_Work to complete_
Transcribe the entries exactly. Omit the pictures.

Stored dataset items
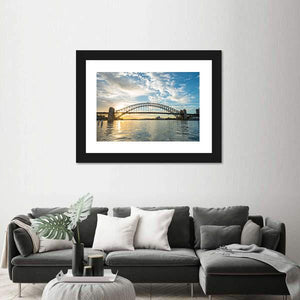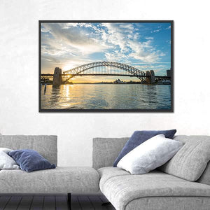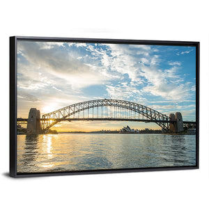 This photographic canvas shows the Sydney Harbor Bridge and Opera House in a wide landscape, with blue and gold light reflecting on calm water. The realistic image feels serene and majestic and works well in modern living rooms, entryways, or coastal-inspired room decor.
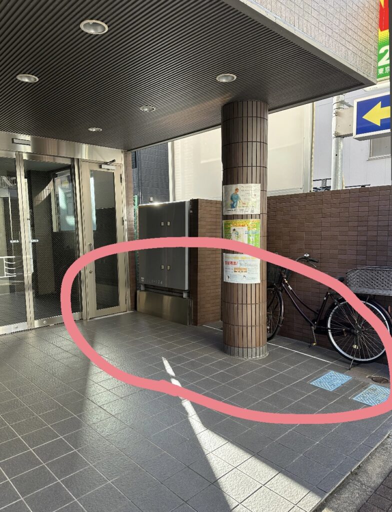 ビル真下、自動ドア前のスペースに駐輪が可能となっております!
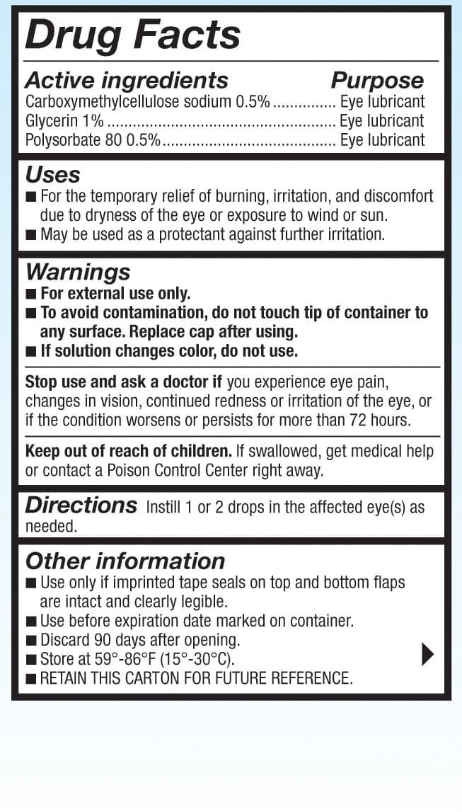 This clinically proven triple-action formula: 1. Lubricates for moisturizing dry eye relief, 2. Hydrates the eye surface cells, 3. Protects your natural tears with a lipid-enhanced drop by reducing tear evaporation.
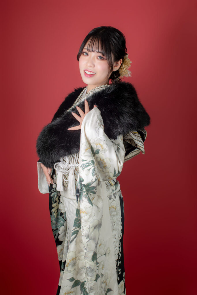 白地と黒地が半々になっているお振袖を綺麗に着こなしてくださいました😊
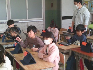 授業でよく使うアプリの設定をしていました。これから少しずつ、1年生の使用機会も増えていきます。
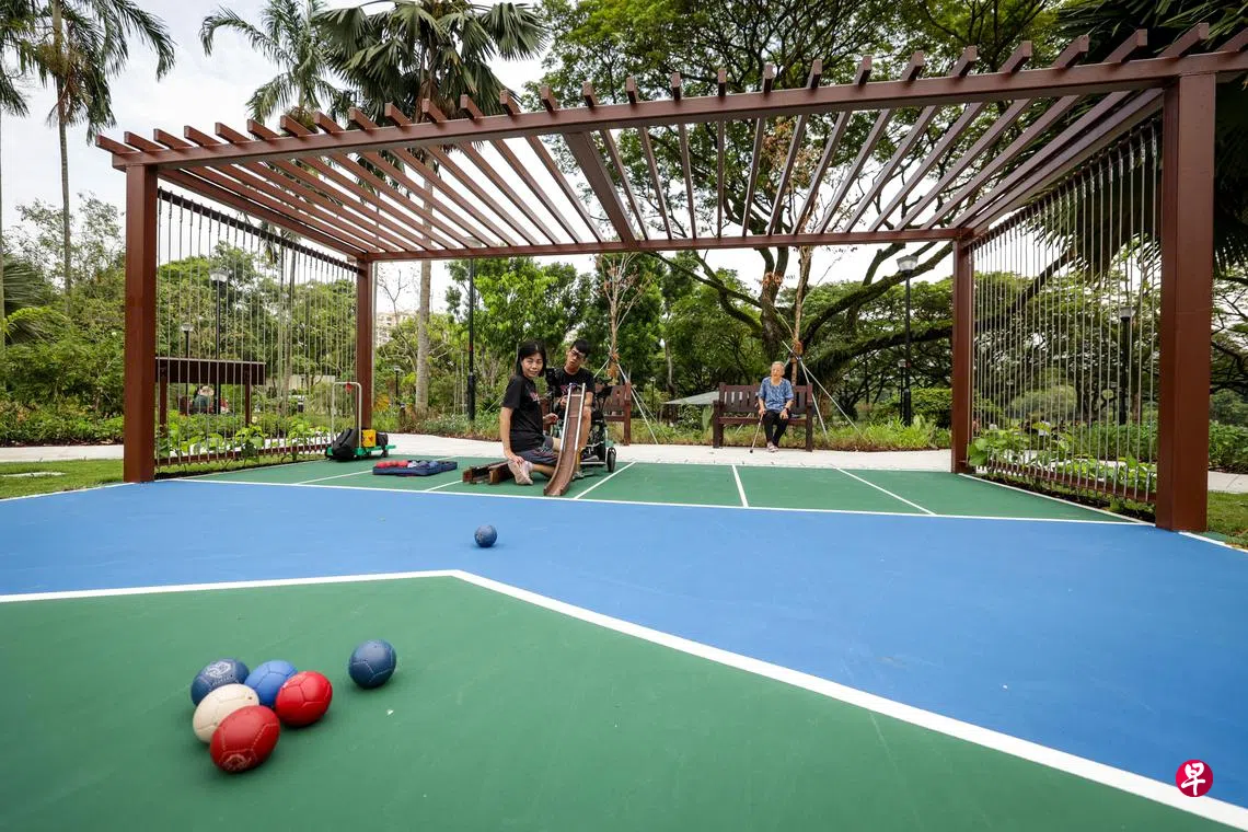 漫步在弯道间,享受花草芬芳,聆听虫鸣鸟啼,放松身心;或是在湖畔微风中摇动轮椅,挑战一场障碍赛……位于榜鹅公园的康疗花园正式开放,里头设有本地首个户外硬地滚球场等,适合年长者和行动不便者使用的设施,为他们提供更多亲近自然和运动放松的好去处。
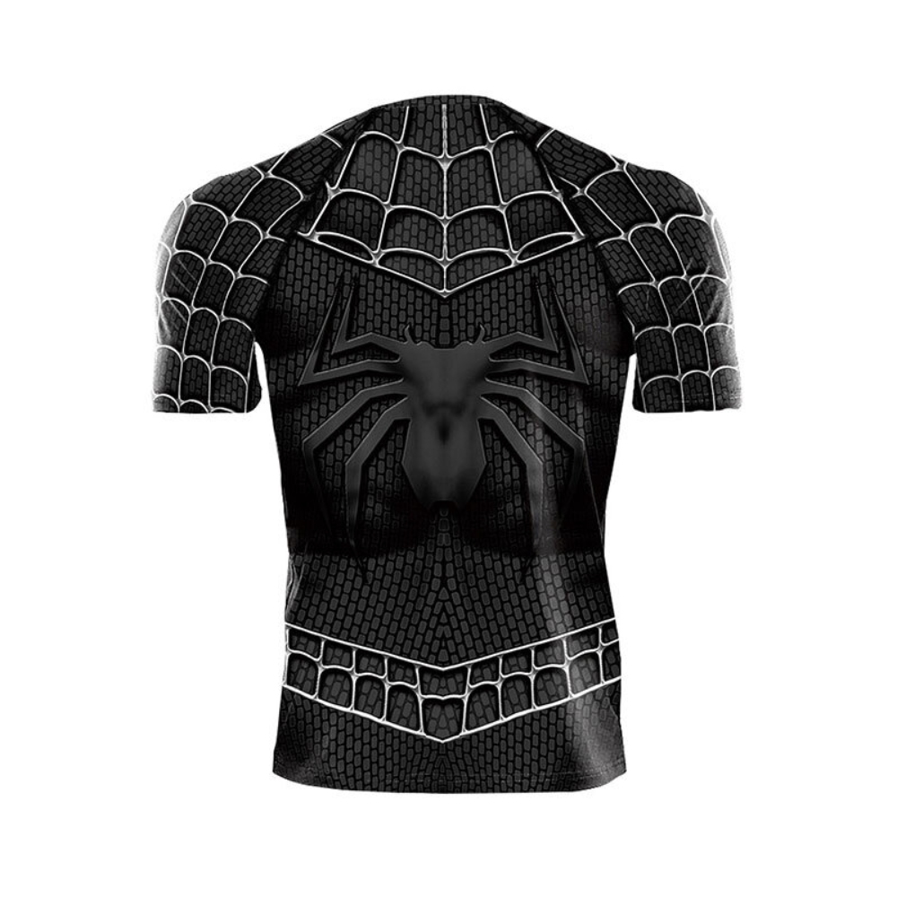 Marvel Superhere Black Spider Man Short Sleeve Compression Shirt
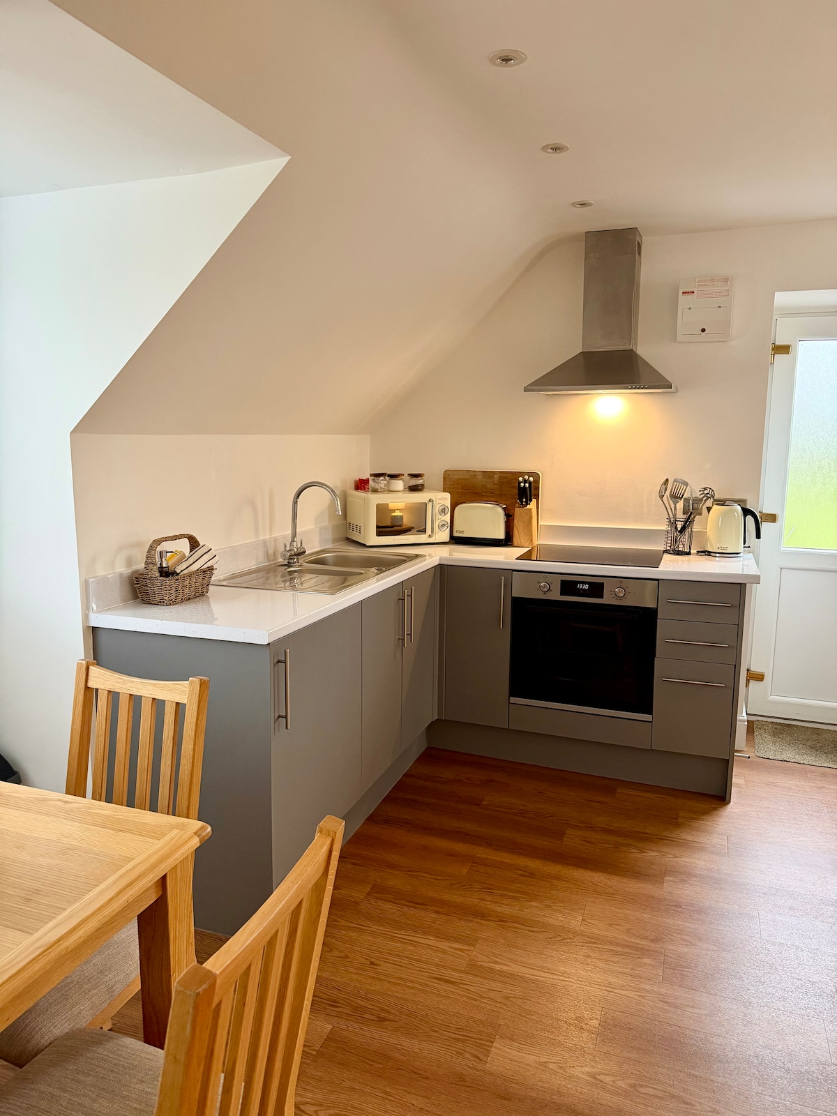 Nestled in the peaceful village of Scorton, within the breathtaking Forest of Bowland AONB, lies The Orchard at Snowhill Glamping. This charming self-catered retreat offers access to a private hot tub (optional extra) and provides the perfect base for exploring Lancashire’s rolling countryside, scenic trails, and local attractions. Ascend the staircase to discover a bright, open-plan living space complete with a fully equipped kitchen featuring all the modern appliances and essentials.
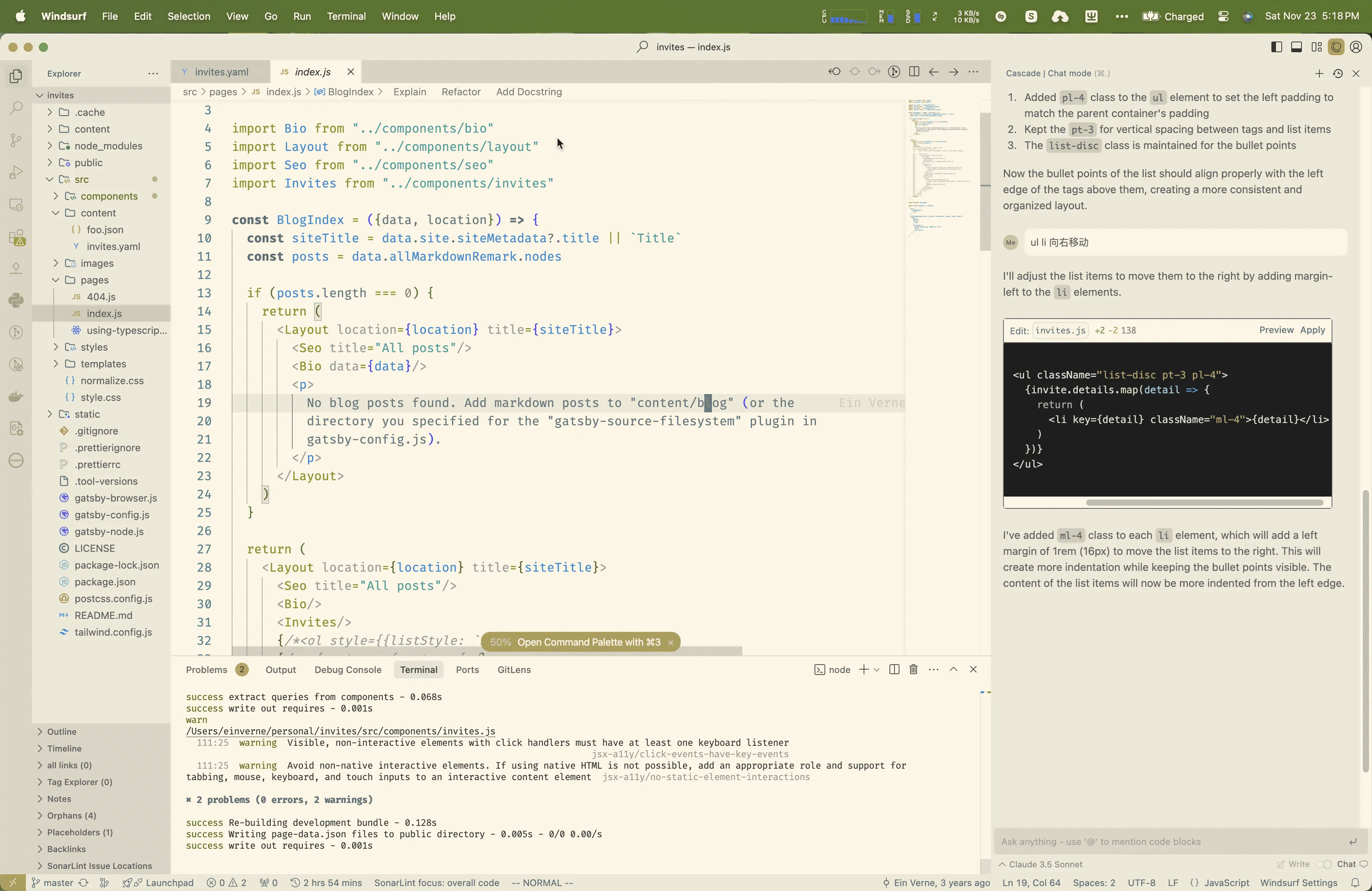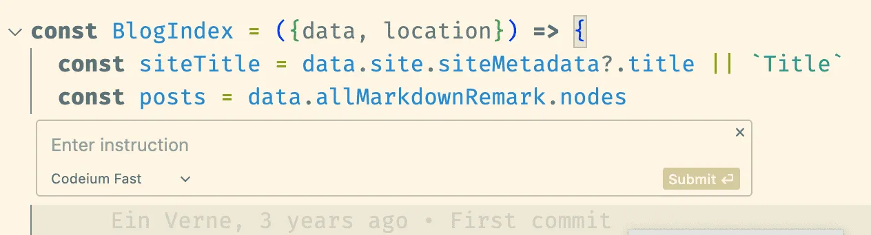 Cmd + i,可以使用自然语言生成或重构代码,直接在行内呼唤提示框。
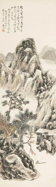 吴昌硕 峰削云树图 绫本立轴 尺寸:128×41cm
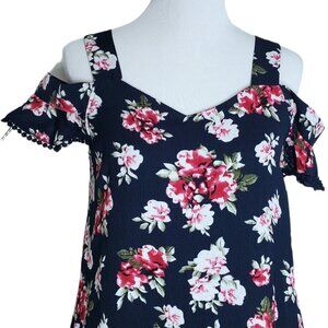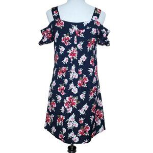 Verti Womens Shift Dress Size Small V-Neck Cold Shoulder Floral Ruffle Sleeves
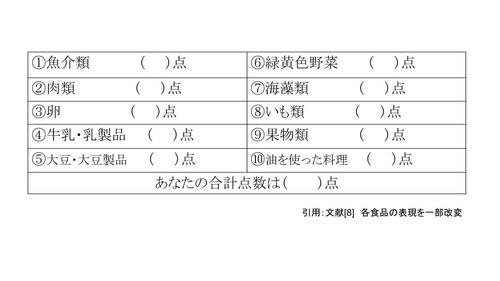 これは、過去1週間、表中の10食品について、「ほぼ毎日食べる」場合に1点とする一方、「2日に1回食べる」、「週に1、2回食べる」、「ほとんど食べない」の場合は0点とし、その合計点を計算します。一般的に、この合計点数が7点以上であれば多様な食品を摂取できていると判定し、7点以下の場合は摂取頻度を改善できる食品について検討することがすすめられます。実際に、多様な食品を摂取している人ほど、筋肉量、握力、身体機能が高いことが知られていますし、認知症の予防にも貢献する可能性が示されています[9]。

_Response to the exercise_
 This photographic canvas shows the Sydney Harbor Bridge and Opera House in a wide landscape, with blue and gold light reflecting on calm water. The realistic image feels serene and majestic and works well in modern living rooms, entryways, or coastal-inspired room decor.
 ビル真下、自動ドア前のスペースに駐輪が可能となっております!
 This clinically proven triple-action formula: 1. Lubricates for moisturizing dry eye relief, 2. Hydrates the eye surface cells, 3. Protects your natural tears with a lipid-enhanced drop by reducing tear evaporation.
 白地と黒地が半々になっているお振袖を綺麗に着こなしてくださいました😊
 授業でよく使うアプリの設定をしていました。これから少しずつ、1年生の使用機会も増えていきます。
 漫步在弯道间,享受花草芬芳,聆听虫鸣鸟啼,放松身心;或是在湖畔微风中摇动轮椅,挑战一场障碍赛……位于榜鹅公园的康疗花园正式开放,里头设有本地首个户外硬地滚球场等,适合年长者和行动不便者使用的设施,为他们提供更多亲近自然和运动放松的好去处。
 Marvel Superhere Black Spider Man Short Sleeve Compression Shirt
 Nestled in the peaceful village of Scorton, within the breathtaking Forest of Bowland AONB, lies The Orchard at Snowhill Glamping. This charming self-catered retreat offers access to a private hot tub (optional extra) and provides the perfect base for exploring Lancashire’s rolling countryside, scenic trails, and local attractions. Ascend the staircase to discover a bright, open-plan living space complete with a fully equipped kitchen featuring all the modern appliances and essentials.
 Cmd + i,可以使用自然语言生成或重构代码,直接在行内呼唤提示框。
 吴昌硕 峰削云树图 绫本立轴 尺寸:128×41cm
 Verti Womens Shift Dress Size Small V-Neck Cold Shoulder Floral Ruffle Sleeves
 これは、過去1週間、表中の10食品について、「ほぼ毎日食べる」場合に1点とする一方、「2日に1回食べる」、「週に1、2回食べる」、「ほとんど食べない」の場合は0点とし、その合計点を計算します。一般的に、この合計点数が7点以上であれば多様な食品を摂取できていると判定し、7点以下の場合は摂取頻度を改善できる食品について検討することがすすめられます。実際に、多様な食品を摂取している人ほど、筋肉量、握力、身体機能が高いことが知られていますし、認知症の予防にも貢献する可能性が示されています[9]。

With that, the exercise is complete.